- Data for review -
━━━━━━━━━━━━━━━━━━━━

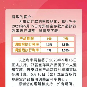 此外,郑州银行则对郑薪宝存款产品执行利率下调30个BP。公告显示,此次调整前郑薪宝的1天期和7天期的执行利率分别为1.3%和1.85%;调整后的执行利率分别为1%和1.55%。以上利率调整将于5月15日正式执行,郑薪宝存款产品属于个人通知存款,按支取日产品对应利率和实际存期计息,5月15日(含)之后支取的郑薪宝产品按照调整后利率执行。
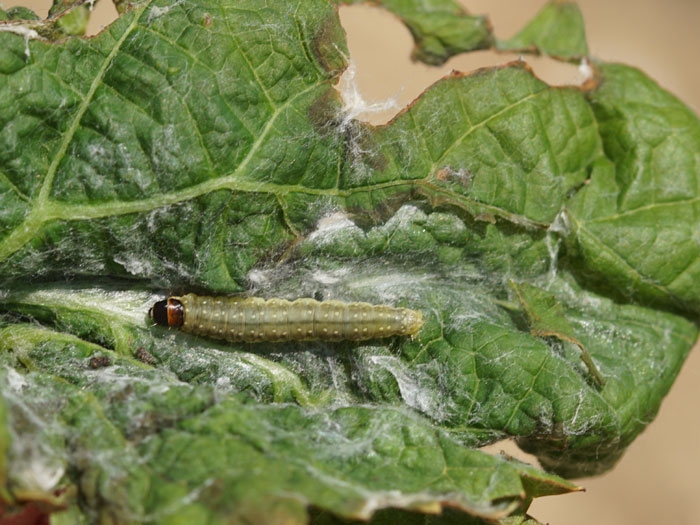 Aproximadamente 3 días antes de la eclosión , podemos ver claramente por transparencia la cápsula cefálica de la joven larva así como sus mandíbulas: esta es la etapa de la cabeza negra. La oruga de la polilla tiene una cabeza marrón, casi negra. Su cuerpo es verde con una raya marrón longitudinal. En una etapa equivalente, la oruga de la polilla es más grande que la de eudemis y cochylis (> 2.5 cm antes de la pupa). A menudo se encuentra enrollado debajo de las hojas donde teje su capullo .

━━━━━━━━━━━━━━━━━━━━

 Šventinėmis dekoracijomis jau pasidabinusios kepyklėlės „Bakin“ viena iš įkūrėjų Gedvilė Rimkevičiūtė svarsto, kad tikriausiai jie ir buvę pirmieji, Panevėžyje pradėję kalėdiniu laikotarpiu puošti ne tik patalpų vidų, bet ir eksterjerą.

━━━━━━━━━━━━━━━━━━━━

- How to complete this task -
Above are records; write out the lines from the one with "此外,郑州银行则对郑薪宝存款" down to the one with "Aproximadamente 3 días", exactly, leaving the pictures out.

- Answer for this exercise -
 此外,郑州银行则对郑薪宝存款产品执行利率下调30个BP。公告显示,此次调整前郑薪宝的1天期和7天期的执行利率分别为1.3%和1.85%;调整后的执行利率分别为1%和1.55%。以上利率调整将于5月15日正式执行,郑薪宝存款产品属于个人通知存款,按支取日产品对应利率和实际存期计息,5月15日(含)之后支取的郑薪宝产品按照调整后利率执行。
 Aproximadamente 3 días antes de la eclosión , podemos ver claramente por transparencia la cápsula cefálica de la joven larva así como sus mandíbulas: esta es la etapa de la cabeza negra. La oruga de la polilla tiene una cabeza marrón, casi negra. Su cuerpo es verde con una raya marrón longitudinal. En una etapa equivalente, la oruga de la polilla es más grande que la de eudemis y cochylis (> 2.5 cm antes de la pupa). A menudo se encuentra enrollado debajo de las hojas donde teje su capullo .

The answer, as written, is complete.